The strongest covariate effects identified in the PK model were age and body weight, but these did not translate into observed exposure differences due to the weight-adjusted dosing algorithm applied in all pediatric studies. Women had a 44% higher dose-normalized exposure and Asian individuals a 13.4–23.7% lower exposure compared with the reference, suggesting possible sex-based and regional variations in drug absorption and elimination. Lower (8 µmol/L) and higher (40 µmol/L) AGP levels were linked to 34.8–47.4% lower and 37.7–66.3% greater dose-normalized exposures, respectively, highlighting the role of protein binding in drug elimination. ASMs that are strong CYP3A inducers had minimal impact on total PK exposure. The 3 soticlestat doses tested (100, 200, and 300 mg BID) attained the CH24H enzyme occupancy (averaging ≥ 85%) and 24HC inhibition (averaging ≥ 73%) required for efficacy. This PD effect extended to pediatric doses, as defined by the weight-adjusted dosing used in the phase 3 trials, ensuring pediatric and adult exposure levels are comparable.
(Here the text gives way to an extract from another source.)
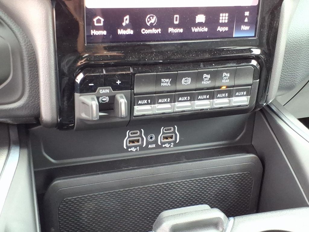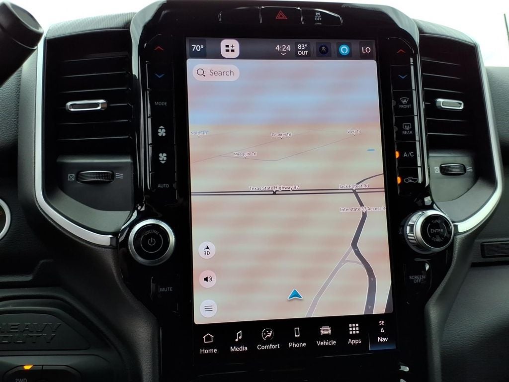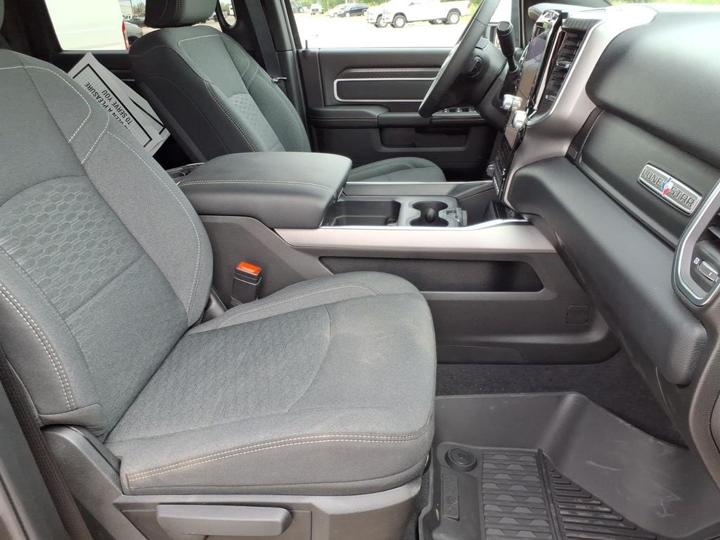Quick Order Package 24Y Lone Star: Lone Star Badge. Big Horn Level 1 Plus Equipment Group: Google Android Auto; SiriusXM Radio Service; For Details Visit DriveUconnect.com; For More Info. Call 800-643-2112; Integrated Voice Command with Bluetooth®; Emergency Vehicle Alert System (EVAS); Lone Star Instrument Panel Badge; 12" Touchscreen Display; Glove Box Lamp; Auto Power-Folding Mirrors; Footwell Courtesy Lamp; Mirror Running Lights; MOPAR Deployable Bed Step; Alexa Built-In; Apple CarPlay; Power-Adjustable Convex Aux Mirrors; Forward and Reverse Utility Lights; Locking Lower Glove Box; Remote Start System; 9 Alpine Speakers with Subwoofer; Disassociated Touchscreen Display; Dual Glove Boxes; 2nd Row in Floor Storage Bins; Rear View Auto Dim Mirror; Rear Dome with On/off Switch Lamp; LED Bed Lighting; Connectivity - US/Canada; GPS Navigation; 4G LTE Wi-Fi Hot Spot; GPS Antenna Input; Exterior Mirrors with Heating Element; SiriusXM with 360L; Global Telematics Box Module; Connected Travel and Traffic Services; Foam Bottle Insert (door Trim Panel); Black Exterior Mirrors; Off-Road Information Pages; Selectable Tire Fill Alert; Trailer Tow Pages; HD Radio; Uconnect 5 Navigation with 12.0" Display Radio; Power Heated Fold Telescopic Mirrors; Exterior Mirrors with Supplemental Signals; Steering Wheel Mounted Audio Controls; Exterior Mirrors Courtesy Lamps; Air Conditioning ATC with Dual Zone Control; MOPAR Spray in Bedliner; Power Adjust Mirrors; Luxury Steering Wheel; Power Telescoping Mirrors. Dual Rear Wheels: Clearance Lamps; 17" Steel Spare Wheel; Box and Rear Fender Clearance Lamps; Center Hub; 6000# Front Axle with Hub Extension; 17" X 6.0" Polished Aluminum Wheels; Nexen Brand Tires; 14. 000 Lb GVWR; Rear Wheelhouse Liners. Quick Order Package 2UY Lone Star: Lone Star Badge. LT235/80R17E Off Road Tires. Chrome Flat Cab-Length Side Steps. 5th Wheel/gooseneck Towing Prep Group. Premium Cloth Bucket Seats. 50 Gallon Fuel Tank. Remote Start System. Granite Crystal Met CC. Instrument Panel Mounted Auxiliary Switches. MOPAR Front and Rear Rubber Floor Mats. Rear Wheelhouse Liners. Clearance Lamps. **Equipment listed is based on original vehicle build and subject to change. Please confirm the accuracy of the included equipment by calling the dealer prior to purchase.**

Conclusions: Strong CYP3A inducers (ASMs) had minimal impact on soticlestat PK exposures so suggesting dose adjustments may not be required. All soticlestat doses tested achieved efficacious levels of occupancy and 24HC reductions. These robust models offer a solid foundation for guiding clinical decision-making and optimizing dosing strategies.

Funding:

Takeda Development Center Americas, Inc.